== PROMPT ==
Print the data once more, exactly as given. Drop the pictures.

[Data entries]
'''
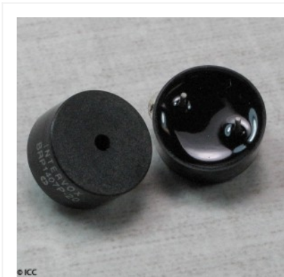
EXTERNAL DRIVE PIEZO ELECTRIC
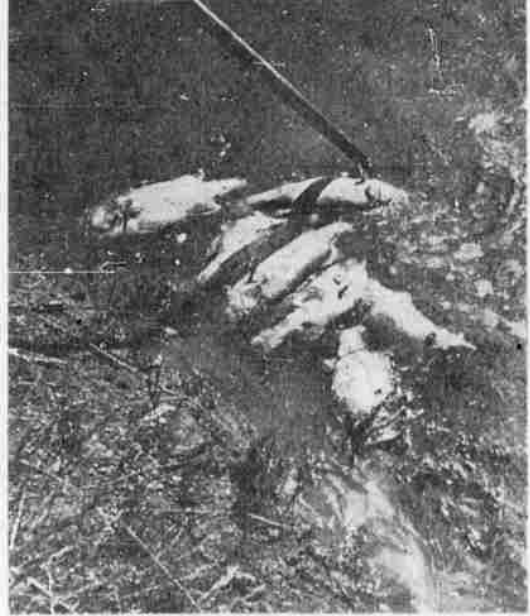
FISH KILL PROBED — In early August reports of a big fish kill on Lost River brought pictures such as this one showing rainbow as well as bass killed in a short stretch of Lost River just below Olene. Authorities later said it was caused by a lack of oxygen just below the dam coupled with insecticides from irrigation ditches being cleaned in the area.
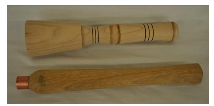
Thanks, Kent for an excellent program!
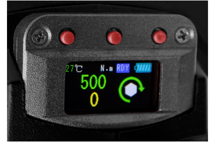
Digital Display and Control Interface

Many custom reaction devices are available. Contact an AIMCO Customer Service Associate for more details, 1-503-254-6600, or toll free 1-800-852-1368.
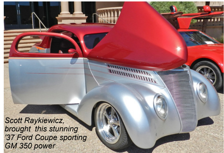
Scott Raykiewicz, brought this stunning '37 Ford Coupe sporting GM 350 power
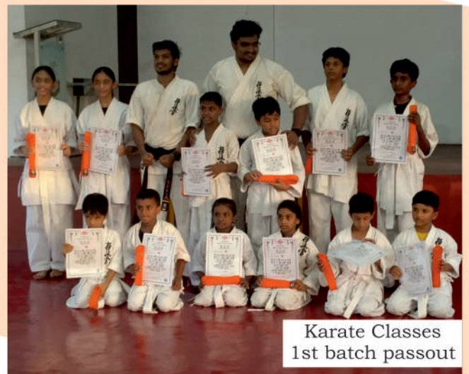
Karate Classes 1st batch passout
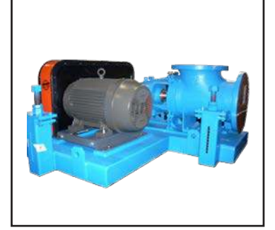
Custom Axial Flow Bases w/ Motor Adjusters
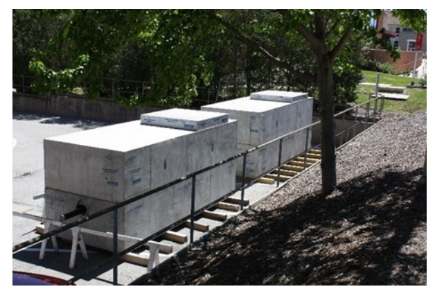
Two new water vaults staged for installation adjacent to the Cogeneration Plant
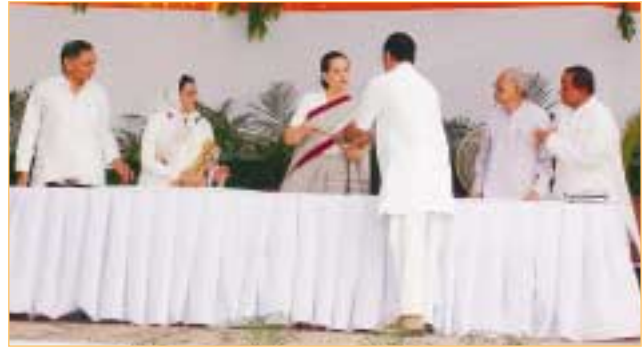
Shri Oscar Fernandes, Chairman CEC completing the formalities of election process of Congress President at the AICC headquarters
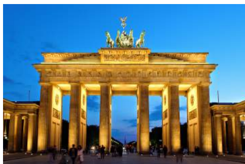
Brandenburg Gate, Berlin
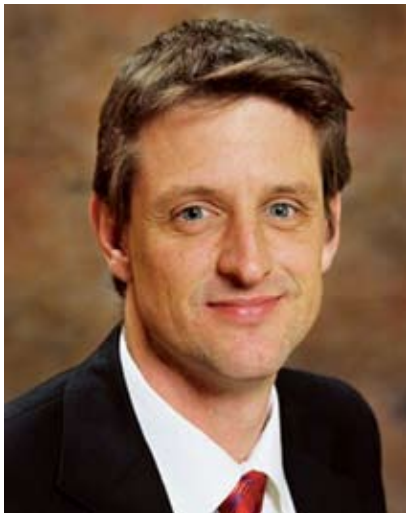
By: Simon Roberts Policy & Research Division

principles. The KFTC has a high status amongst the country's economic policy institutions, being autonomous but with the head of the KFTC having a seat in cabinet. I briefly comment on some of the features of competition policy in South Korea, drawing on meetings with members of the authority and competition practitioners.
'''
== RESULT ==
EXTERNAL DRIVE PIEZO ELECTRIC
FISH KILL PROBED — In early August reports of a big fish kill on Lost River brought pictures such as this one showing rainbow as well as bass killed in a short stretch of Lost River just below Olene. Authorities later said it was caused by a lack of oxygen just below the dam coupled with insecticides from irrigation ditches being cleaned in the area.
Thanks, Kent for an excellent program!
Digital Display and Control Interface

Many custom reaction devices are available. Contact an AIMCO Customer Service Associate for more details, 1-503-254-6600, or toll free 1-800-852-1368.
Scott Raykiewicz, brought this stunning '37 Ford Coupe sporting GM 350 power
Karate Classes 1st batch passout
Custom Axial Flow Bases w/ Motor Adjusters
Two new water vaults staged for installation adjacent to the Cogeneration Plant
Shri Oscar Fernandes, Chairman CEC completing the formalities of election process of Congress President at the AICC headquarters
Brandenburg Gate, Berlin
By: Simon Roberts Policy & Research Division

principles. The KFTC has a high status amongst the country's economic policy institutions, being autonomous but with the head of the KFTC having a seat in cabinet. I briefly comment on some of the features of competition policy in South Korea, drawing on meetings with members of the authority and competition practitioners.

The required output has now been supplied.